Putin, Zelenskyy, and Trump to get together in a historic first


Putin, Zelenskyy, and Trump

For the first time since Russia launched its full-scale invasion of Ukraine nearly four years ago, officials from Kyiv and Moscow will sit at the same negotiating table with the United States. The venue: Abu Dhabi, and the format: trilateral, give the moment diplomatic weight. But beneath the symbolism, the substance remains stubbornly unchanged.

The talks follow a flurry of high-level diplomacy involving US President Donald Trump, who met Ukrainian President Volodymyr Zelenskyy in Davos before dispatching envoys to Moscow for what the Kremlin described as an unusually candid exchange with Vladimir Putin.
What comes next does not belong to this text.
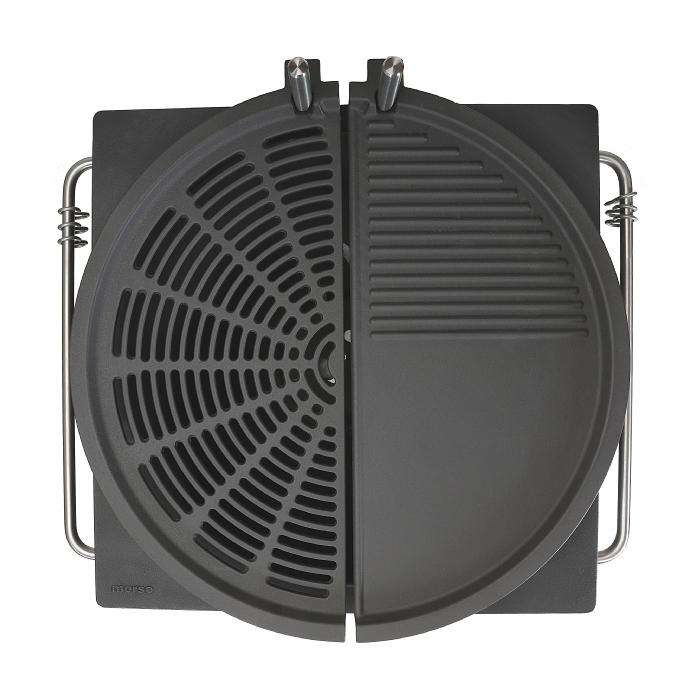 Each semicircle features different grid layouts for optimal cooking. For example, you can place the meat on the flat plate or grid section at a lower height, whilst placing bread or vegetables on a higher plate for a slower cook.
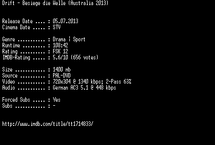 | FiLENAME: | Drift.Besiege.die.Welle.German.2013.AC3.DVDRiP.XViD-EXQUiSiTE.avi |

The meetings have revived momentum after months of stalled contacts, yet they also underline how narrow the path to an agreement remains.

At the heart of the impasse is territory. Russia continues to insist that any settlement must include Ukraine’s withdrawal from parts of eastern Ukraine that Kyiv still controls. Ukrainian officials have repeatedly rejected that demand, calling it a red line that would reward military aggression. Nothing in the lead-up to the Abu Dhabi talks suggests either side has shifted.

Russian officials have framed the discussions as focused on “security issues,” with a delegation that includes senior military figures. Ukraine, for its part, is sending its chief negotiator, signalling that Kyiv is willing to engage but not concede. Zelenskyy has described the talks as a step forward – careful language that reflects progress in process rather than outcome.

US officials have suggested the negotiations are now “down to one issue,” a phrase widely interpreted as a reference to territorial control in the Donbas. That framing itself highlights the problem: when a single issue defines the war’s outcome, compromise becomes exponentially harder.

The Kremlin has been explicit that without resolution on territory, there can be no lasting peace. Russian spokespeople have reiterated that military operations will continue until Moscow’s conditions are met, even as talks proceed in parallel. It is diplomacy conducted under fire – and with no pause button.

Trump has floated alternative ideas in the past, including economic arrangements for eastern Ukraine, but those proposals have yet to gain visible traction with either Kyiv or Moscow. For now, the Abu Dhabi meeting appears less about closing a deal than about testing whether dialogue can coexist with entrenched positions.

In that sense, the talks mark a diplomatic milestone without guaranteeing a diplomatic shift. The fact that Ukraine and Russia are speaking together at all is notable. But the fact that they remain so far apart on the central question of land suggests that the war’s most difficult chapter, deciding where borders will lie, is still very much unwritten.